Australia’s signing of the Kyoto protocol, part of the United Nations Framework Convention on Climate Change (UNFCC), commits Australia to a program of industry sector greenhouse gas (GHG) measurement and reporting from mid-2008, as well as penalties beyond 2012 for GHG emissions above target limits set under the protocol.

In anticipation of Australia not meeting its emission targets under the Kyoto protocol, the Australian Federal Government has commissioned an inquiry into options for an Australian Emissions Trading Scheme (AETS). With the aim of providing Australian companies a market-based mechanism for the trading of carbon credits, the Garnaut Climate Change Review is due to present its findings by September 2008 with the AETS commencing as early as 2010.

This article examines the background and framework for the reporting of Australian carbon emissions, future carbon trading regimes and how Australian transport and logistics (T&L) companies can best position themselves for a carbon constrained future.

Australian T&L: projected GHG emissions and reduction measures
The Australian Greenhouse Office estimates that in the period 1990 to 2005 total emissions from the transport sector (cars, civil aviation, railways and road transportation) grew 22.5%. Cars accounted for half of the growth, followed by heavy trucks and buses (23%) and light commercial vehicles (21%). In the absence of emission abatement measures, the transport sector is projected to increase emissions to 88.6 Mt CO2-e by 2010 (up 44% from 1990 levels) and 104.8 Mt CO2-e by 2020 (up 70% from 1990 levels). Existing measures to reduce emissions across the transport sector will result in a reduction of only 8.8 Mt CO2-e by 2010, partly built on the expected effects of rising fuel prices.

The Kyoto Protocol
The protocol commits developed (Annex 1.) countries to annual GHG reporting and emission targets. Annex 1. countries can meet their GHG target emission limitations through internal emission reduction programs or purchase of GHG emission reductions (credits), bought on open financial exchanges via projects that reduce GHG emissions in developing (non-Annex 1.) countries. These projects are known as Clean Development Mechanisms (CDM) and include reforestation, solar/wind power, and alternative energy projects. CDM projects require approval by both the host country government and the responsible UN agency, and approved CDM projects are then marketed on exchanges as Certified Emission Reductions (CER). CER credits can also be bought from other Annex 1. countries with excess credits. The exchange traded formula is one CER credit = one emission unit (EU).

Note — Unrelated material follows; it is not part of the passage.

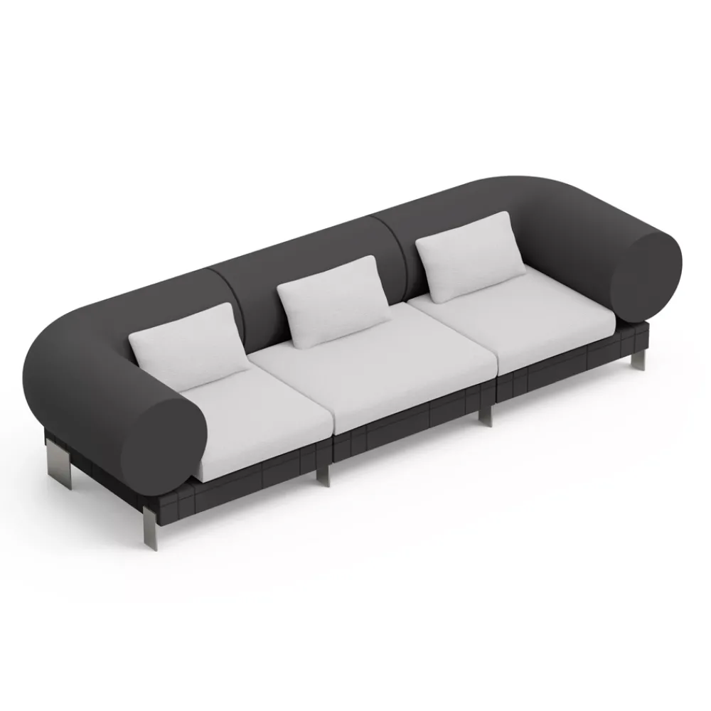 Sofa mit Polyethylenstruktur , Sitzkissen und 3 Rückenkissen aus Sunbrella-Stoff und Metallfüßen.

The protocol restricts Australia to an increase of 8% in GHG emissions from 1990 levels in the period 2008-2012, despite average reductions amongst other signatories of 5.2%. The UNFCC reports, however, that Australia’s 2004 GHG emissions could be as high as 125.6 % of 1990 levels if other assessment criteria were adopted, making Australia on a per-capita basis one of the world’s highest GHG emitters.

Carbon emission reporting
In mid-2008 over 700 Australian companies will begin reporting GHG emissions under the Australian Greenhouse and Energy Reporting Act 2007 (AGER). Australian companies will be grouped by industry segment for the purpose of national activity reporting to the UNFCC. The initial reporting thresholds are:
GHG emissions - 125 kilotonnes or more
Energy production- 500 terajoules
Energy Consumption- 500 terajoules

Thresholds then reduce by approx 30% each year thereafter.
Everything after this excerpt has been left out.